# New Seynaeve suit



## Evan Stuart (May 19, 2011)

Well, after four months of waiting it finally came in! I will get to use it tonight and will post some thoughts and hopefully pictures. 

It is a competition jacket with PSA bicep covers and semi competition pants.

Initial impression:

-Very high attention to detail. 
- Great fit
- A little stiff in shoulders, upper arms, and legs. Possibly due to PSA bicep covers and never being worked in.
- High quality material
- Light weight


----------



## Joby Becker (Dec 13, 2009)

Evan Stuart said:


> Well, after four months of waiting it finally came in! I will get to use it tonight and will post some thoughts and hopefully pictures.
> 
> It is a competition jacket with PSA bicep covers and semi competition pants.
> 
> ...


cool..
post video please...pictures just dont show the whole picture


----------



## Jonathan Katz (Jan 11, 2010)

It will soften up before you know it. The bicep cuff with slightly affect the bend in the elbo, but you will love the fact that it will keep your suit new for a long long time. I'm about to change the second cuff on my suit, but when you cut it off the arm looks brand new. 

Use it in good health!


----------



## Evan Stuart (May 19, 2011)

Nobody had a camera so no pictures or video. Nearly broken in after one training session (jacket anyway). Pants are still pretty stiff but we don't have any leg dogs so we will see after this weekend when I get some dogs that will grip legs. Regardless, they are still more mobile than any training weight pants I've worn. The system they use to hold tube pants up is brilliant. Hardly any of the weight is on the shoulders, making then great for long training sessions.

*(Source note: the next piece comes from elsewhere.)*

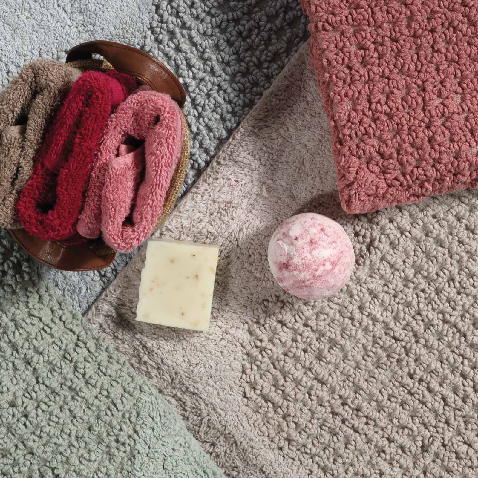 Ταπέτο μπάνιου με ανάγλυφο σχέδιο σε υπέροχες παστέλ αποχρώσεις που ταιριάζουν σε κάθε μπάνιο και καλύπτουν κάθε γούστο. Είναι από 100% βαμβάκι, ιδιαίτερα απαλό, απορροφητικό και ανθεκτικό στη χρήση. Διατίθεται σε διάσταση 60x90cm. Das home…makes your house a home!

Took first grip to the bicep and didn't get my an out so I do have a nice bruise. I've only within training weight so I hadn't changed my technique. Learned very quickly though! 

All in all, the suit is great and I can't wait to use it more.


----------



## Joby Becker (Dec 13, 2009)

Evan Stuart said:


> *Took first grip to the bicep and didn't get my an out so I do have a nice bruise.* I've only within training weight so I hadn't changed my technique. Learned very quickly though!
> 
> All in all, the suit is great and I can't wait to use it more.


what didnt you get out?

Super cool. I had a Euro Joe suit that had the belt around the waist, it did help tremendously, they were heavy pants...


----------



## Evan Stuart (May 19, 2011)

Sorry, was supposed to say arm. Just wasnt used to having all of that room inside the jacket.


----------



## Daniel Lybbert (Nov 23, 2010)

how much $?


----------



## Evan Stuart (May 19, 2011)

Daniel Lybbert said:


> how much $?


$1665. That is with two tone pants and bicep covers for each arm. Would have been $50 more for shipping but I live close enough to Thad that I picked it up.

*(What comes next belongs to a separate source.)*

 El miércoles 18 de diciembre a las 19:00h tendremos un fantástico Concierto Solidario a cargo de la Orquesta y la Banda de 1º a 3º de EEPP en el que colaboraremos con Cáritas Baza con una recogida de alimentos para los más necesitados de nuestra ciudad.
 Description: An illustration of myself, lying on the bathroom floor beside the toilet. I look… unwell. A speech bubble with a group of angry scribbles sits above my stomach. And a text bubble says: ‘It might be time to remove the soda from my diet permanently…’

Solid color suit is $1450 shipped. Add $75 for two tone ($150 for pants and jacket).


----------



## Kadi Thingvall (Jan 22, 2007)

Evan Stuart said:


> Well, after four months of waiting it finally came in! I will get to use it tonight and will post some thoughts and hopefully pictures.


Why did it take 4 months? We have a decoy looking at purchasing a new suit, plan is to probably go with Demanet but they have been considering other brands also. I know delivery time is one of the bigger factors that will effect the purchase.


----------



## Joby Becker (Dec 13, 2009)

Evan Stuart said:


> Sorry, was supposed to say arm. Just wasnt used to having all of that room inside the jacket.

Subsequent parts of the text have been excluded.